You might be suffering from weak Wi-Fi access if your router is buried in a closet. It may be stuck in the corner of your basement, three rooms away, or is simply old or nearly broken. The solution might be as simple as moving closer to the router or moving the router closer to you. As you lessen the distance between the router and your device, you strengthen the odds of a good connection.

If you’re on a wireless device like a phone or tablet, it’s easy to move where the Wi-Fi strength is the strongest. On the other hand, relocating your computer or other gear isn’t always a practical solution.

Another option for improving Wi-Fi strength is to consider an antenna upgrade on your access point or on your computer, if possible. Similarly, mesh networks and range extenders are other common solutions to Wi-Fi range problems — but you don’t need both.

Wi-Fi connection

When a wireless device is experiencing an intermittent connection, it can be quite frustrating.
You want to fix it as quickly as possible so you can continue to work.

Wi-Fi connection radio interference

Radio signals from various consumer electronic products around your house can interfere with Wi-Fi network signals. For example, cordless phones, Bluetooth devices. As well as garage door openers and microwaves can each take down a Wi-Fi network connection when they’re powered on.

So, if you notice that your phone stops getting Wi-Fi when you’re right next to the microwave, chances are this is your problem. It’s best to look into what that new device is and how it works since the way it transmits wireless signals might be what’s interfering with other devices in the house.

Reposition your network equipment to improve your Wi-Fi coverage. Another solution, which might be easier, is to turn off those other devices that could be interfering with Wi-Fi. If you’re in the kitchen when Wi-Fi drops, move away from the microwave or avoid using it if you need to also use your phone, laptop, or other device.

The network is overloaded

Your hardware and home might be set up perfectly to accommodate Wi-Fi signals and avoid interference. However, if there are too many devices using the network, the available bandwidth for each device is limited.

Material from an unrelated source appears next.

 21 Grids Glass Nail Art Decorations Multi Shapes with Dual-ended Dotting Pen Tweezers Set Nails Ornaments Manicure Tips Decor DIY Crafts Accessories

When each device lacks enough bandwidth, videos stop playing, websites won’t open, and the device might even eventually disconnect and reconnect from the network, over and over, as it tries to hold on to enough bandwidth to keep using Wi-Fi.

You can test your internet speed to see if you’re getting the speeds you were promised. If the test shows a significantly slower speed than you pay your ISP for, there’s either a problem with your modem or router or you’re using too many devices on your network at once.

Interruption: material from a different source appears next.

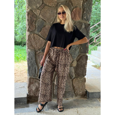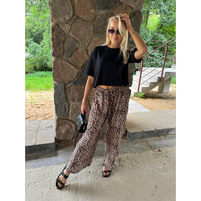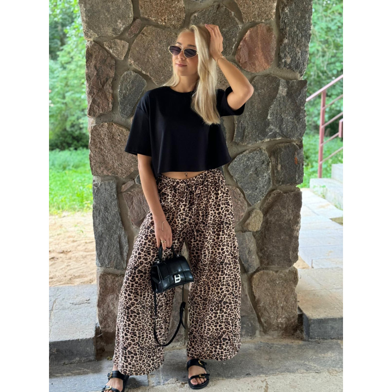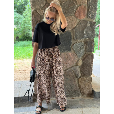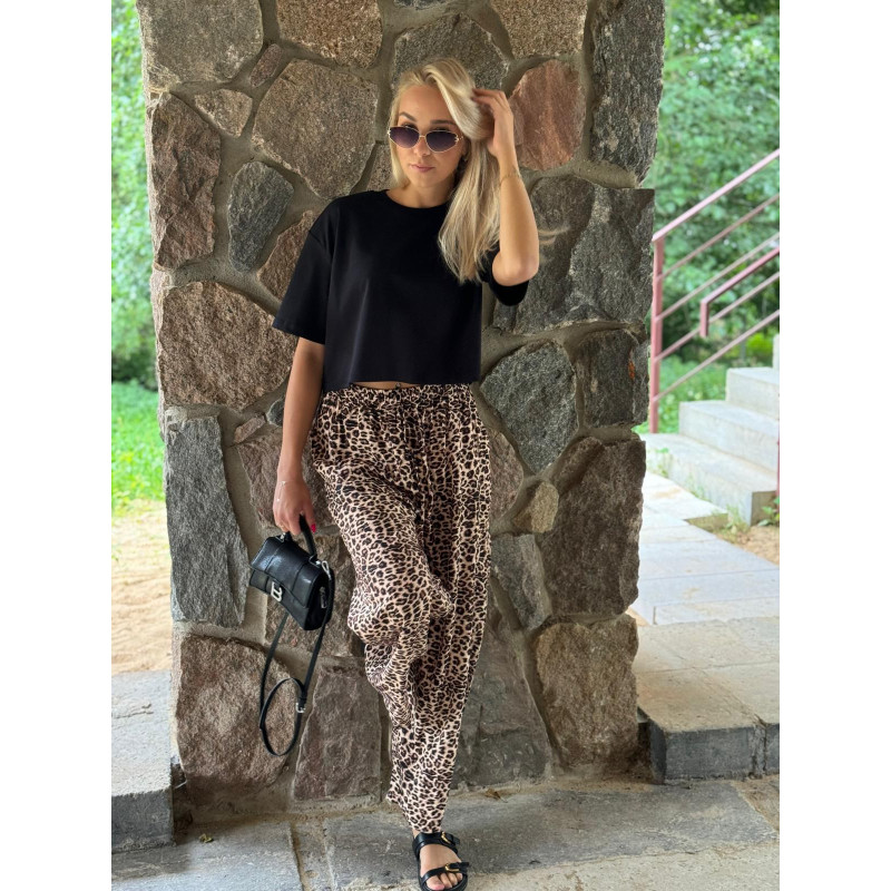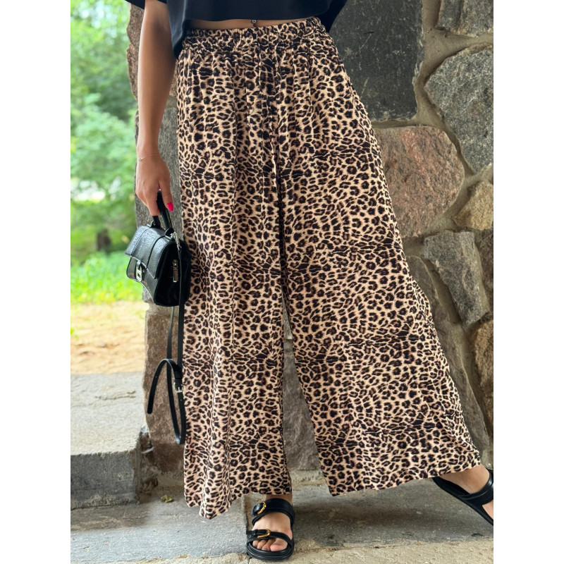 Wiskozowe spodnie w modnym princie panterki.
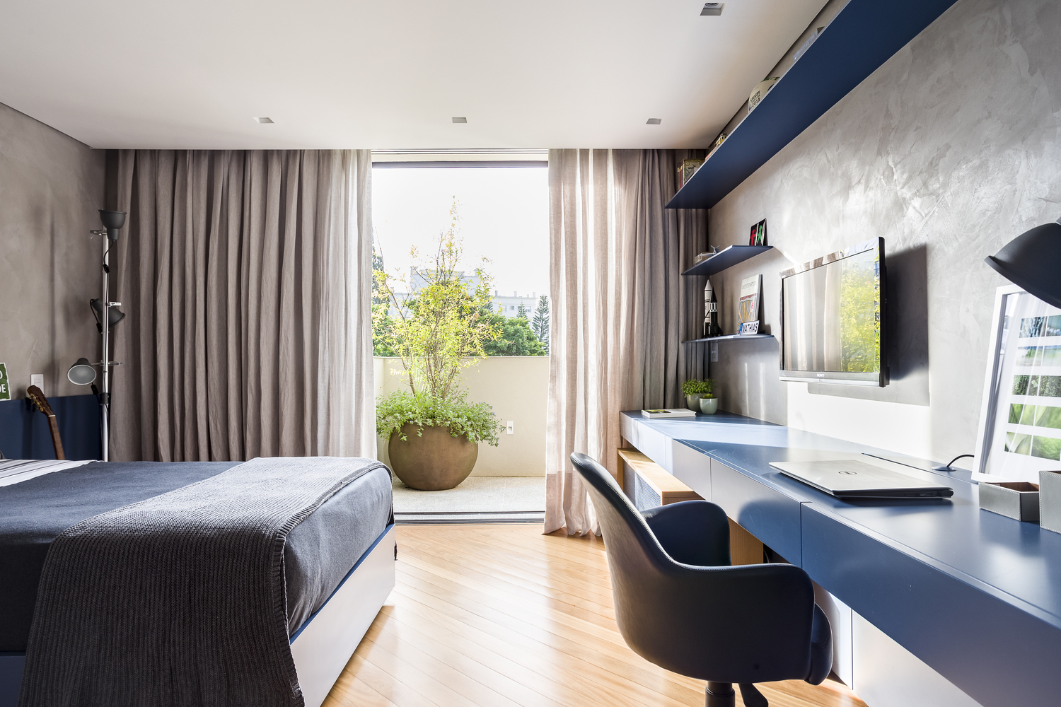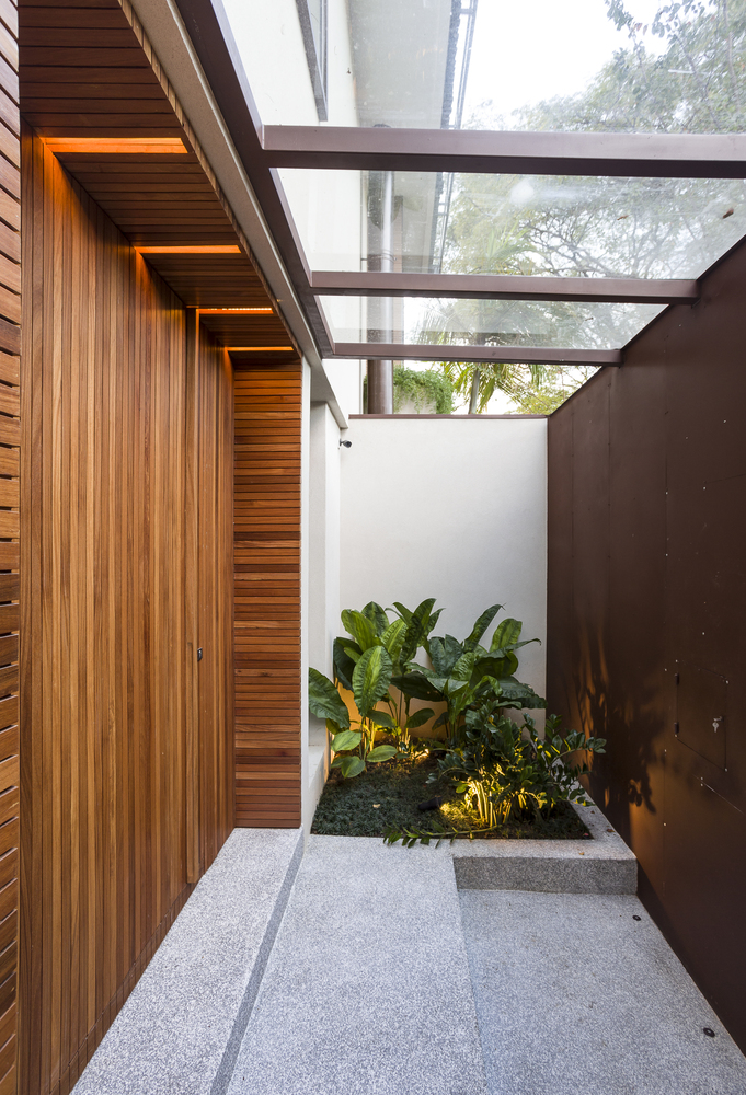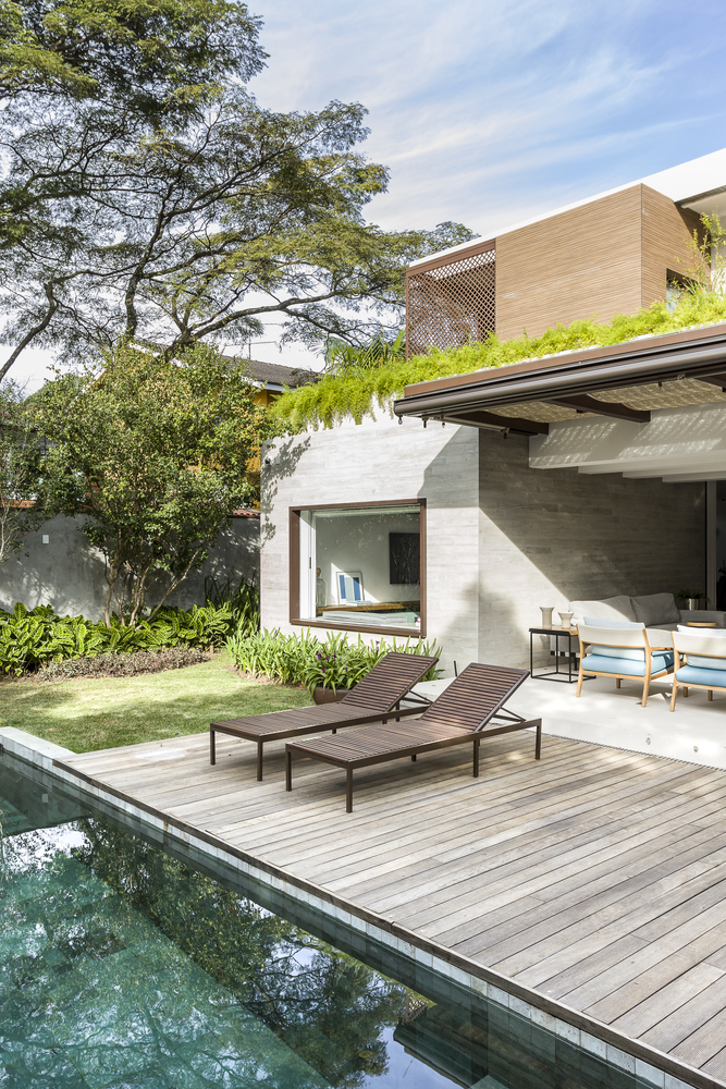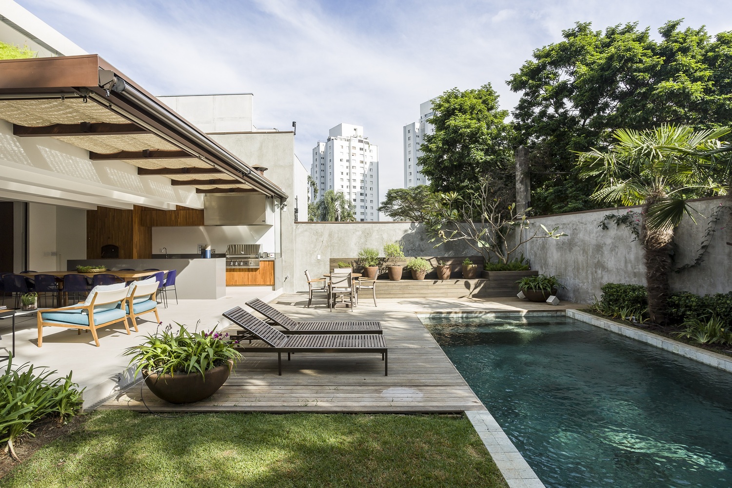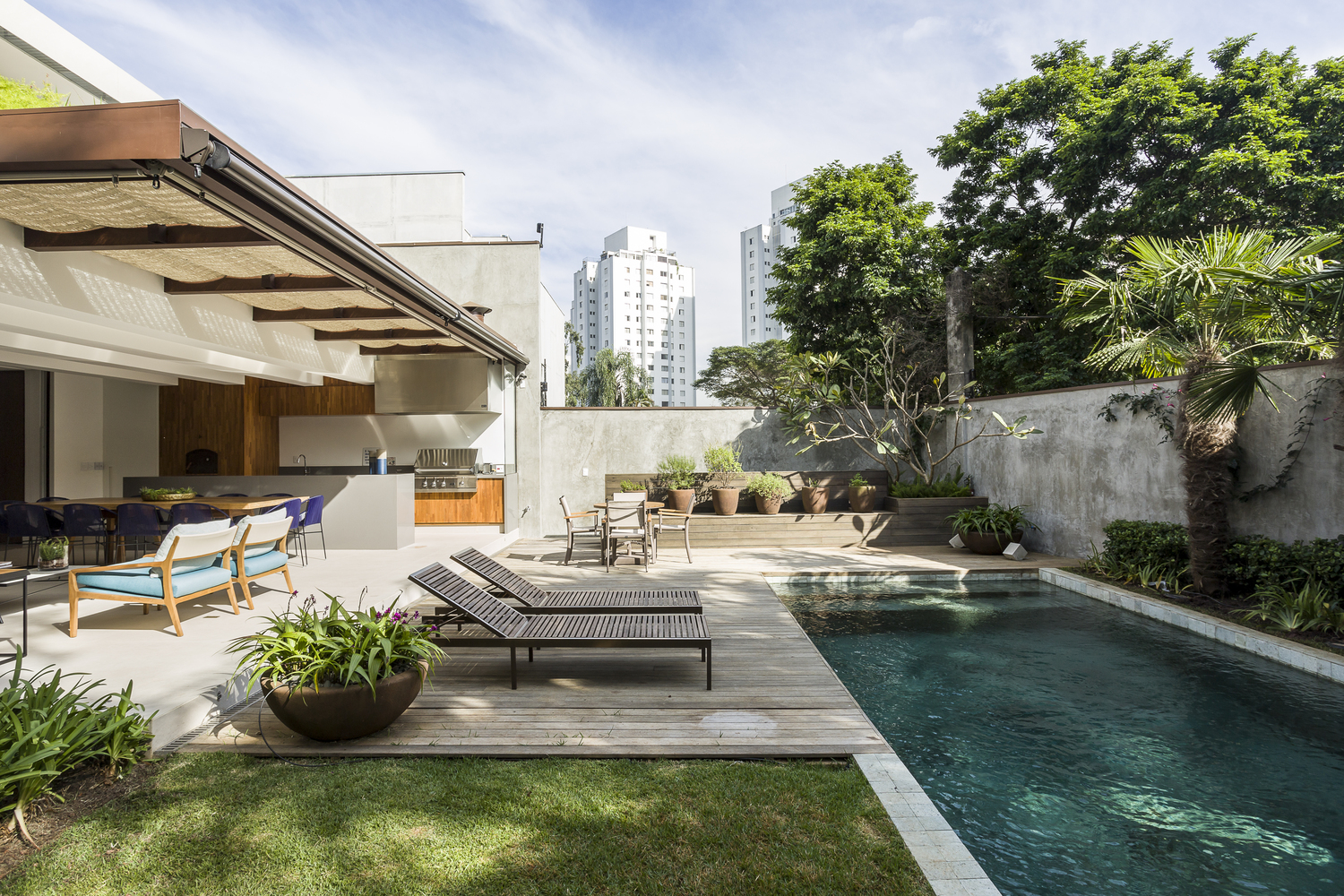 Como não poderia deixar de ser em um projeto que valoriza a vida ao ar livre, o verde desempenha um papel fundamental. O projeto de paisagismo, assinado por Marcelo Bellotto, invade a casa através de grandes panos de vidro, transformando o jardim em uma obra de arte viva que acompanha a convivência da família. A escolha da vegetação conversa diretamente com a arquitetura contemporânea, trazendo aquele respiro tão necessário em meio à agitação urbana de São Paulo.

Take some of the devices off of the network. If your TV is streaming movies, turn it off. Someone gaming on your network? Ask them to take a break. Multiple people browsing Facebook on their phones? Ask them to disable their Wi-Fi connection to free up some of that bandwidth.

Cloud storage updates could affect your Wi-Fi connection

If someone’s downloading files onto a computer, see if they can use a program that supports bandwidth control. Less bandwidth will be used for that device and more will be available for your Wi-Fi device. In particular, Microsoft OneDrive tends to use all available upload bandwidth when it syncs large files. Temporarily pausing OneDrive could free up immediate bandwidth for other people.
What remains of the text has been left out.